The generated YAML includes comments about available AgentV features you can use:

# Converted from Agent Skills evals.json
# AgentV features you can add:
#   - type: is_json, contains, regex for deterministic evaluators
#   - type: code-grader for custom scoring scripts
#   - Multi-turn conversations via input message arrays
#   - Composite evaluators with weighted scoring
#   - Workspace isolation with repos and hooks

tests:
  - id: "1"
    criteria: |-
      The top 3 months by revenue are November, September, and December.
    input:
      - role: user
        content: "Find the top 3 months by revenue."
    # Promoted from evals.json assertions[]
    # Replace with type: is_json, contains, or regex for deterministic checks
    assertions:
      - name: assertion-1
        type: llm-grader
        prompt: "Output identifies November as the highest revenue month"
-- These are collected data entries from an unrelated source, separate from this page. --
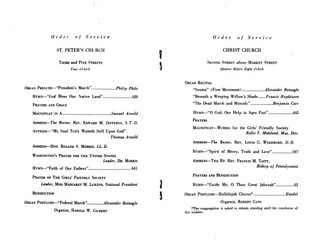 Program for the Girls’ Friendly Society in the Diocese of Pennsylvania Washington Bicentennial Commemoration at Christ Church, Philadelphia, and St. Peter’s Church, Philadelphia (1932)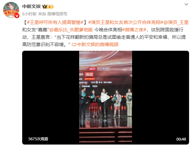 (来源:中新文娱)演员王星和女友“嘉嘉”今晚合体亮相微博之夜,谈到跨国救援行动,王星直言:“当下花样翻新的骗局总是试图偷走普通人的平安和幸福,所以提高防范意识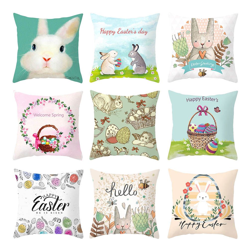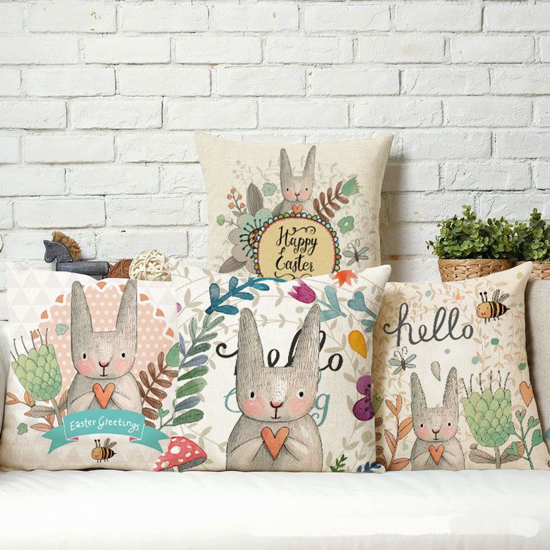 Hand Painting Easter Holiday Cushion Covers Happy Easter Bunny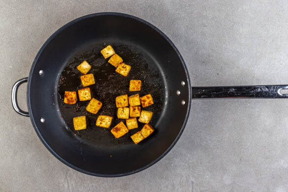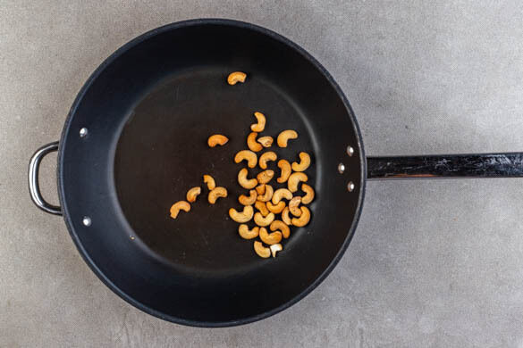 Den Tofu mit Küchenkrepp sanft auspressen und in 2–3cm große Würfel schneiden. Die Cashews in einer mittelgroßen Pfanne ohne Zugabe von Fett bei mittlerer Hitze 1–2Min. goldbraun anrösten. Vorsicht, sie können schnell zu dunkel werden. Zum Abkühlen aus der Pfanne nehmen und beiseitestellen. Die Pfanne wird weiterverwendet.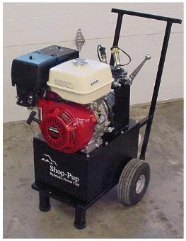 | Shop Pup This is a wheeled, portable Honda gasoline powered hydraulic power unit. |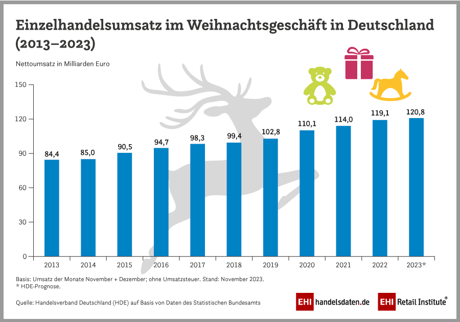 Wie wichtig das Weihnachtsgeschäft für den Handel ist, belegt eine Zahl: Durchschnittliche 19 Prozent des gesamten Einzelhandelsumsatzes im engeren Sinne wird in den Monaten November und Dezember erwirtschaftet. Das ist in etwa jeder fünfte Euro. Je nach Branche fällt die Bedeutung der Weihnachtsaison sogar noch größer aus. Spitzenreiter ist hier der Spielwareneinzelhandel, der im vergangenen Jahr 24,8 Prozent seiner Umsätze im Weihnachtsgeschäft erzielte. Auch der Buchhandel sowie der Uhren- und Schmuckfachhandel liegen mit Anteilen von 23,7 Prozent bzw. 23,5 Prozent weit vorne.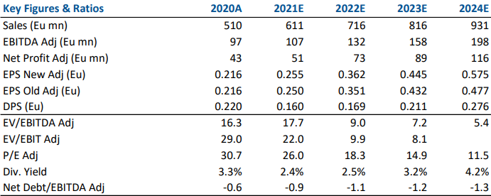 Risultati sostanzialmente in linea con le attese. La società ha proposto un dividendo sopra le attese. Positive le indicazioni sul 2022 con un fatturato visto in crescita high-teens e una marginalità in espansione di circa100 punti base anno su anno grazie alla graduale efficacia degli aumenti di prezzo implementati nel corso del 2021 e inizio 2022. Reiteriamo raccomandazione e target price considerando gli attuali livelli del tutto ingiustificati alla luce del profilo di crescita di ricavi, profittabilità e cassa.

Inside the agentv-bench bundle, use agentv convert directly:

agentv convert evals/evals.json --out EVAL.yaml

When to stay with evals.json

Use evals.json when:

You’re building a skill and want quick feedback loops
Your assertions are natural-language (“output includes a chart”, “response is polite”)
You want compatibility with other Agent Skills tooling
Tests don’t need workspace isolation or deterministic checks

When to graduate to EVAL.yaml

Switch to EVAL.yaml when you need:

Deterministic evaluators: contains, regex, equals, is-json — faster and cheaper than LLM graders
Composite scoring: Weighted evaluators with custom aggregation
Multi-turn conversations: Multi-message input sequences
Workspace isolation: Sandboxed file systems per test case
Tool trajectory evaluation: Assert on the sequence of tool calls
Matrix evaluation: Test across multiple targets simultaneously

Side-by-side comparison

The same eval expressed in both formats:

evals.json

{
  "skill_name": "support-agent",
  "evals": [
    {
      "id": 1,
      "prompt": "A customer says their order #12345 hasn't arrived after 2 weeks. Help them.",
      "expected_output": "An empathetic response that offers to track the order and provides next steps.",
      "assertions": [
        "Response acknowledges the customer's frustration",
        "Response offers to look up order #12345",
        "Response provides clear next steps"
      ]
    }
  ]
}

EVAL.yaml equivalent

tests:
  - id: "1"
    input: |
      A customer says their order #12345 hasn't arrived after 2 weeks. Help them.
    expected_output: |
      An empathetic response that offers to track the order and provides next steps.
    assertions:
      - name: acknowledges-frustration
        type: llm-grader
        prompt: Response acknowledges the customer's frustration
      - name: looks-up-order
        type: contains
        value: "12345"
      - name: has-next-steps
        type: llm-grader
        prompt: Response provides clear next steps

Notice how the EVAL.yaml version can mix llm-grader (for subjective checks) with contains (for deterministic checks) — the order number check is now instant and free.